OASIS Mailing List ArchivesView the OASIS mailing list archive below
or browse/search using MarkMail.

 


Help: OASIS Mailing Lists Help | MarkMail Help

virtio-dev message

[Date Prev] | [Thread Prev] | [Thread Next] | [Date Next] -- [Date Index] | [Thread Index] | [List Home]

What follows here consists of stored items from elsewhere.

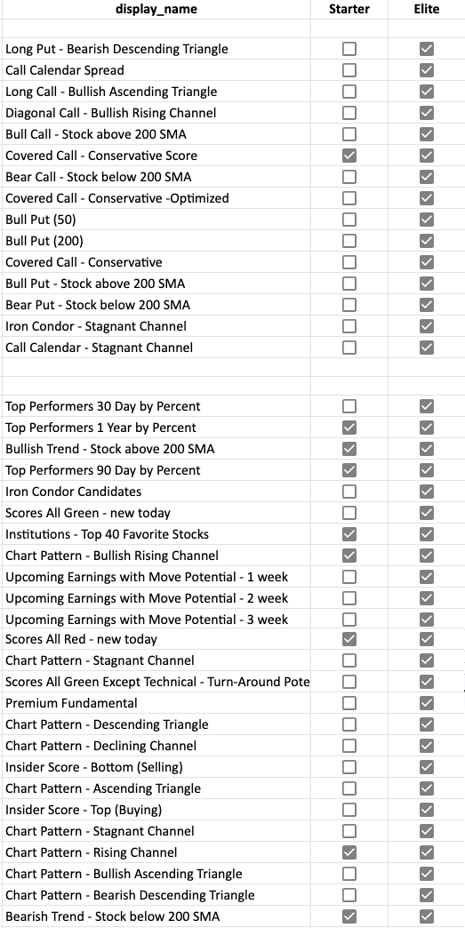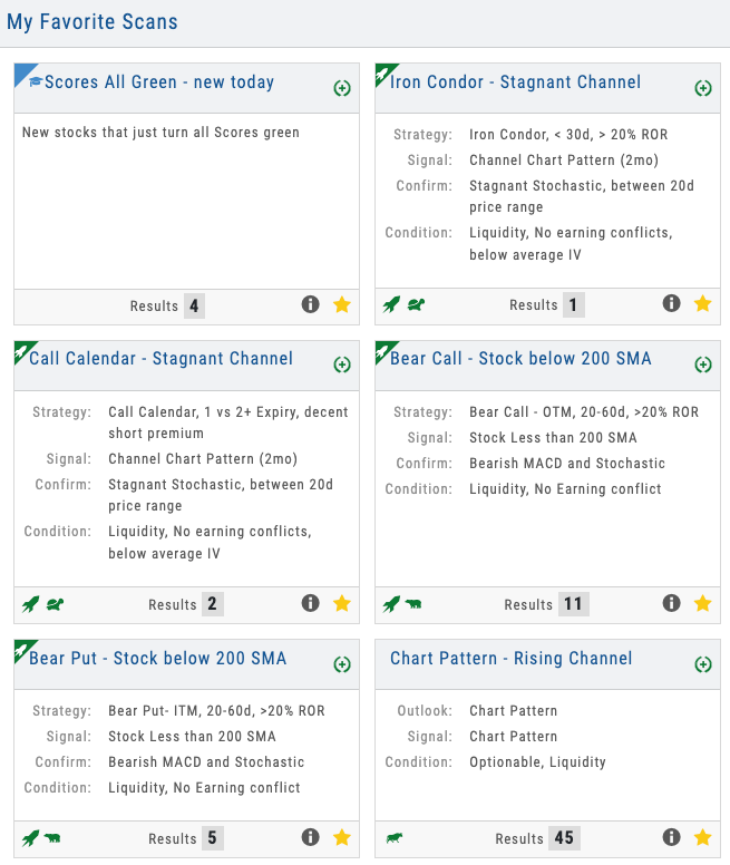 Options strategy scans like Bull Call, Iron Condor, and Covered Call — plus directional scans for bullish trending, bearish trending, and stagnant markets. Each shows qualifying trades in real time.
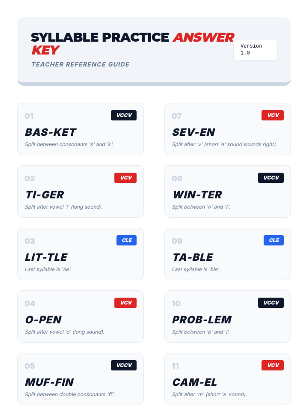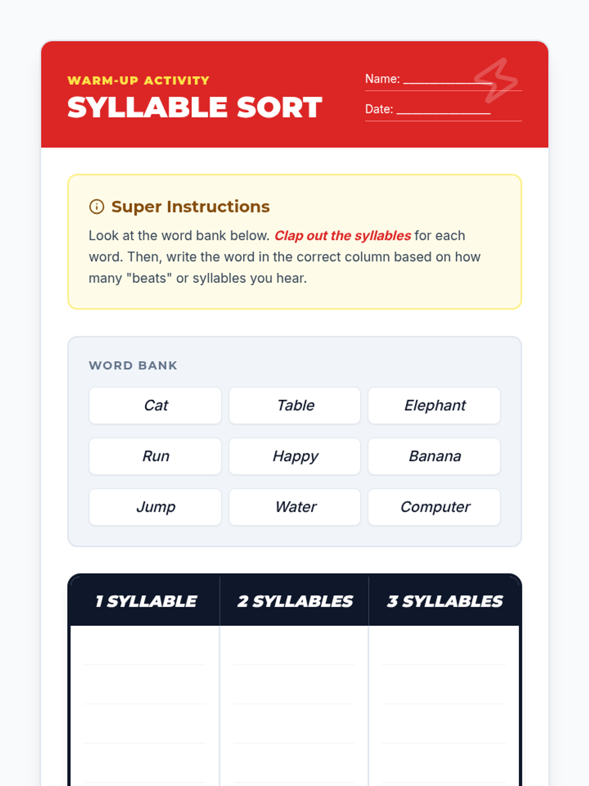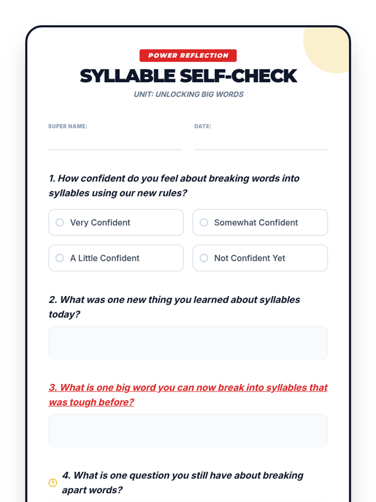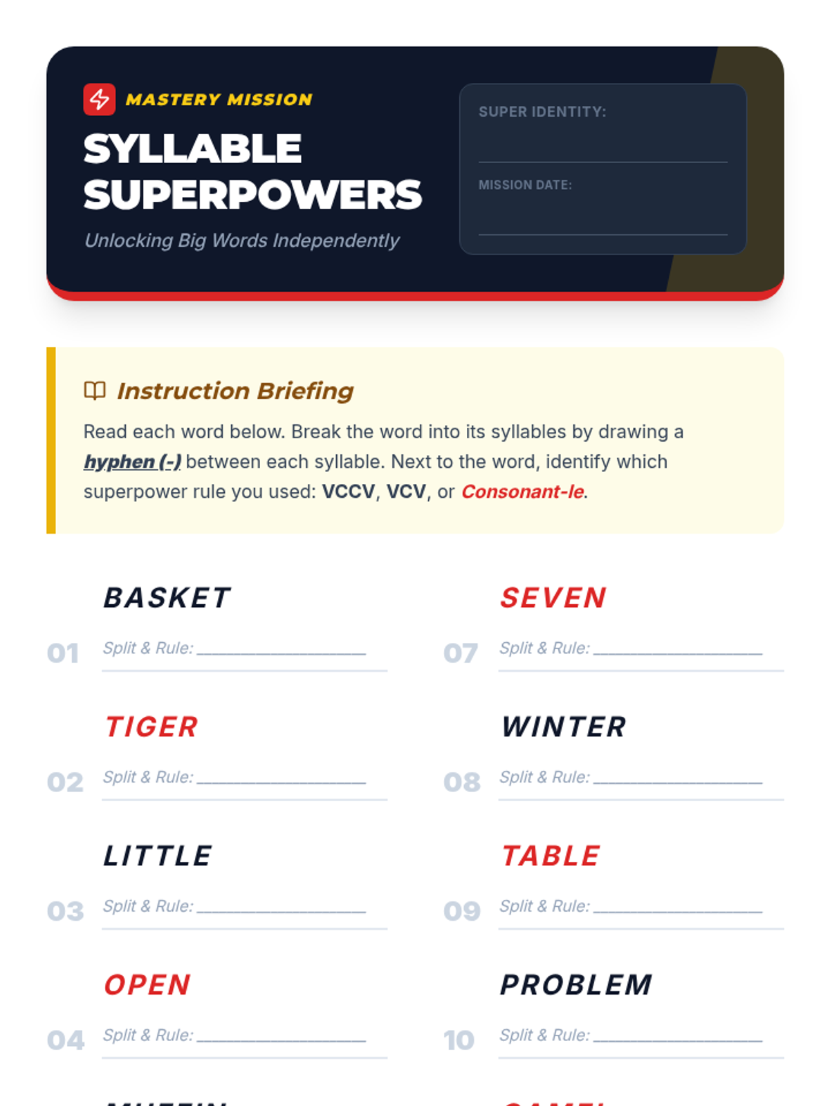 A 30-minute phonics and reading lesson for 4th graders focused on mastering three key syllabication rules (VCCV, VCV, and Consonant-le) through a superhero-themed interactive presentation and guided practice.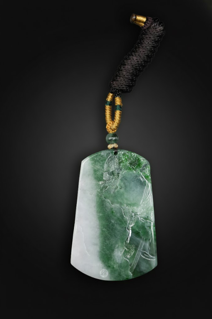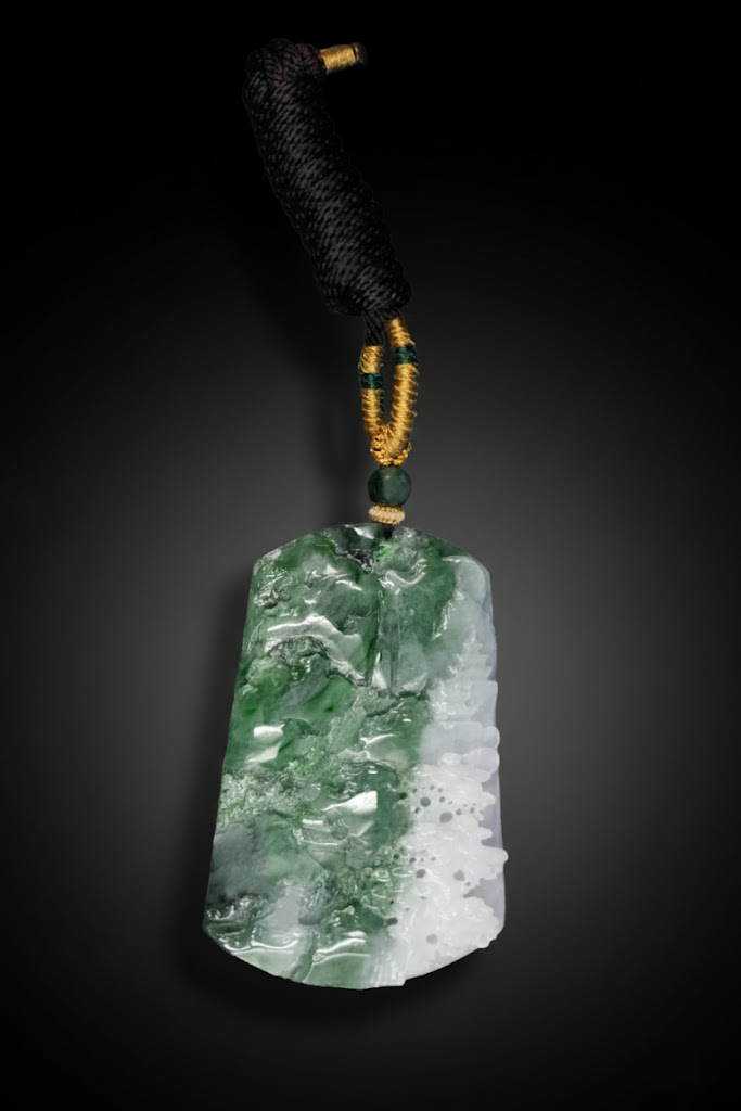 此牌色泽分布极具层次感,翠色与白底交融晕散,宛如山岚水气在玉中流动。翠色自然渗透至玉质内部,形成“色随种走”的灵动韵味。通体温润光洁,透度良好,在光照下可见细密纤维交织结构,充分展现了天然A货翡翠的原生美与生命力。

Subject: Re: [PATCH v4] virtio_net: support split header


On Mon, Jun 20, 2022 at 11:13:47AM +0800, Xuan Zhuo wrote:
> On Fri, 17 Jun 2022 05:58:11 -0400, "Michael S. Tsirkin" <mst@redhat.com> wrote:
> > On Fri, Jun 17, 2022 at 03:16:01PM +0800, Xuan Zhuo wrote:
> > > The purpose of this feature is to split the header and the payload of
> > > the packet.
> > >
> > > |                    receive buffer                                    |
> > > |                       0th descriptor             | 1th descriptor    |
> > > | virtnet hdr | mac | ip hdr | tcp hdr|<-- hold -->|   payload         |
> > >
> > > We can use a buffer plus a separate page when allocating the receive
> > > buffer. In this way, we can ensure that all payloads can be
> > > independently in a page, which is very beneficial for the zerocopy
> > > implemented by the upper layer.
> > >
> > > Signed-off-by: Xuan Zhuo <xuanzhuo@linux.alibaba.com>
> > > Reviewed-by: Heng Qi <hengqi@linux.alibaba.com>
> > > Reviewed-by: Kangjie Xu <kangjie.xu@linux.alibaba.com>


Could you describe the zerocopy in more detail? I'd like to understand
e.g. whether it mixes with mergeable buffers.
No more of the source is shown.